Often times you would want to save python objects for later use. For example, a dataset you constructed which could be used for several projects, or a transformer object with specific parameters you want to apply for different data, or even a machine learning learning model you trained.
This is how to do it. First, we will create a dummy data using numpy
.
import numpy as np
a = np.random.chisquare(45, size=(10000, 50))
Let’s say you want to transform it using the quantile transformer and save the transformed data for later use. Following is how you would transform it.
from sklearn.preprocessing import QuantileTransformer
qt = QuantileTransformer(n_quantiles=1000, random_state=10)
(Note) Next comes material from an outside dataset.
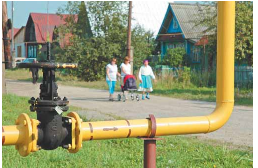
По уверениям министра соцразвития, подключиться к газу теперь будет проще

Параллельно велась работа с управляющими компаниями по ремонту общедомового имущества. В результате комиссией для устранения замечаний УК выдано более 120 предписаний.

a_qt = qt.fit_transform(a)
Save python objects
To save a_qt
using joblib
the dump
method is used.
import joblib
joblib.dump(a_qt, 'out/a_qt.pckl')
You can even save the transformer object qt
.
joblib.dump(qt, 'out/qt.pckl')
Load python objects
To load the objects we use the joblib
method load
.
# load array
b_qt = joblib.load('out/a_qt.pckl')
# load transformer
qt2 = joblib.load('out/qt.pckl')
You can verify that the saved objects and loaded objects are same, by printing the arrays or printing the class
of the objects.
print('Shape of a_qt: ', a_qt.shape)
print('Shape of b_qt: ', b_qt.shape)
print('Class of qt', type(qt))
print('Class of qt2', type(qt2))
Shape of a_qt: (10000, 50)
Shape of b_qt: (10000, 50)
Class of qt <class 'sklearn.preprocessing._data.QuantileTransformer'>
Class of qt2 <class 'sklearn.preprocessing._data.QuantileTransformer'>